Cooking with cast-iron pans is a beloved tradition for many, but there are certain foods that are not well-suited for this versatile tool. While cast iron is great for one-skillet meals and can handle a variety of dishes, there are some foods that are best cooked in a different type of pan.
Delicate Fish:

Delicate fish like trout or tilapia may not fare well in a cast-iron pan due to its heat retention. Stick to non-stick pans for these, but heartier fish like salmon are a great match for cast iron.
Eggs and Other Sticky Things (for a while):

While well-seasoned pans can handle sticky foods like eggs, it’s best to use a non-stick pan for these until your cast iron is seasoned enough.
Acidic things—maybe:

There’s some debate on whether acidic foods should be cooked in cast iron pans.
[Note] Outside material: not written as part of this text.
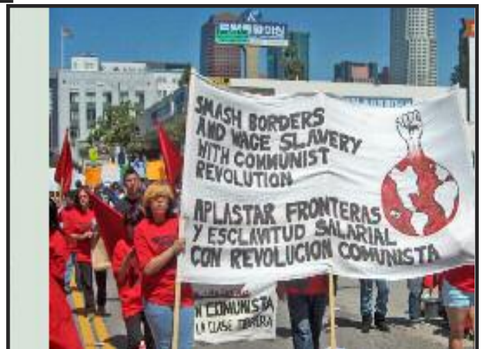
Este ya tiene 20 años como presidente general. Chofer de MTA

While some believe it can affect the seasoning, others disagree. If the pan is discolored, a baking soda scrub can help restore it.
Smelly Foods:

Strong-smelling foods like garlic, peppers, and some fish can leave lasting smells in your cast iron pan. To remove the odors, bake the pan for 10 minutes at 400ºF and avoid cooking sensitive foods immediately after.
Anything That Overcrowds The Skillet:

Avoid overcrowding the skillet with too much food as it can affect the quality of the dishes. This is especially important for ensuring even cooking.
For enamel-coated cast iron pans, these guidelines may not apply. But for traditional cast iron, it’s best to follow these tips for optimal cooking results. And remember, cast iron pans are durable and can handle some mistakes, with plenty of resources available for cleaning and maintenance.